Beyond metrics, you can rebalance the data itself with resampling — duplicating or synthesizing more of the rare class, or trimming the majority. Used thoughtfully it helps the model pay attention to the minority. But be honest about its limits: resampling cannot conjure information that is not there, it can encourage overconfidence, and you must resample only the training set — never the test set, which should keep the real-world proportions so your evaluation stays truthful.
Sampling Bias: When Your Data Isn't the World
Even a perfectly clean, leak-free split fails if the data was gathered from the wrong slice of reality. Sampling bias is when your training set systematically differs from the population you will actually deploy on — and the model faithfully learns that skew. A voice assistant trained mostly on one accent struggles with others; a skin-cancer detector trained on light skin underperforms on dark; a survey of people who answer phone calls misses everyone who does not. This is closely tied to dataset bias, and unlike leakage it can survive every check on your held-out test set, because the test set is biased in the very same way.

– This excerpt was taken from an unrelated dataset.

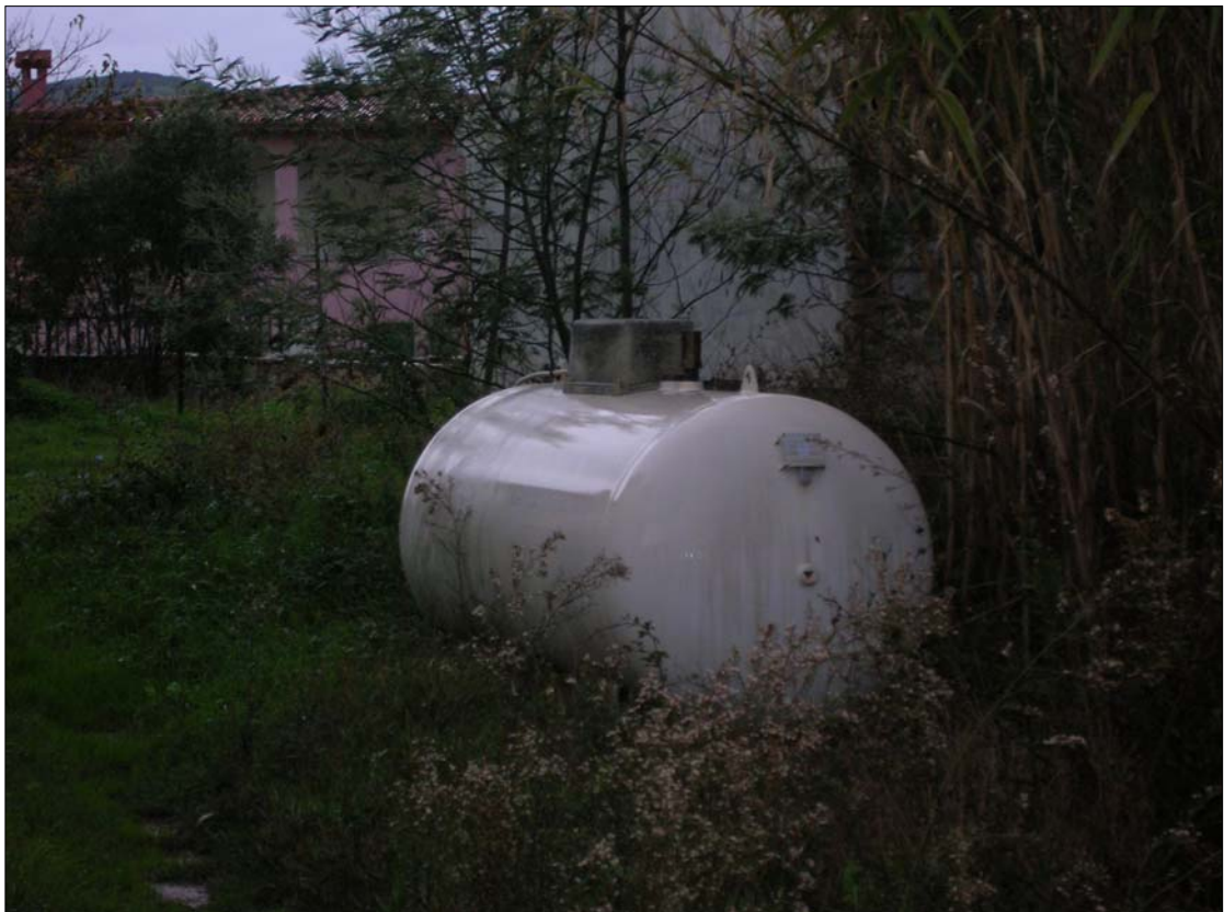
Fig. 4: Serbatoio GPL

Sampling bias has a treacherous cousin: spurious correlation, a pattern that holds in your data by accident but not in general. In a famous case, an image classifier separated huskies from wolves with high accuracy — by detecting snow in the background, because the wolf photos happened to be snowy. The model took a shortcut: it found an easy signal that worked on this data and would shatter the moment a husky stood in the snow. Shortcuts are seductive precisely because they boost your test score while teaching the model the wrong thing.

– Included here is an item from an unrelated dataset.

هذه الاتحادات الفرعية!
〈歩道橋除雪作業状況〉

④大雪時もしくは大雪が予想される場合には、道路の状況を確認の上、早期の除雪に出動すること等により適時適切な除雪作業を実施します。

The defense against these is partly statistical and partly human. Audit your data's composition against the real population; slice your metrics by subgroup instead of trusting one global number; and watch for distribution shift once the model is live, since the world drifts away from your snapshot over time. But no formula replaces asking the blunt question: who and what is missing from this data, and where might it be deployed that I never sampled?
A Practical Checklist
None of these traps require advanced math to avoid — they require discipline and suspicion. Run through this checklist whenever a result looks good, and especially when it looks great:
- Split before you touch anything. Fit every transformation, imputation, and encoding on the training data alone, then apply the frozen numbers to validation and test.
- Interrogate every feature: "Would I actually have this value at the moment of prediction?" If not, it is leakage — drop it.
- De-duplicate, split by group, and split time series chronologically — never let a row or its twin appear on both sides.
- For imbalanced data, ditch accuracy: report precision, recall, and the score of a trivial baseline. Resample the training set only.
- Ask who is missing from the data, slice metrics by subgroup, and treat any too-good score as guilty until proven innocent.
This is the heart of what people now call data-centric AI: the realization that, beyond a point, the biggest gains come not from a fancier model but from cleaner, fairer, leak-free data and an evaluation you can trust. A modest model on honest data beats a brilliant model on a lie every time — because only one of them keeps working after it leaves your laptop.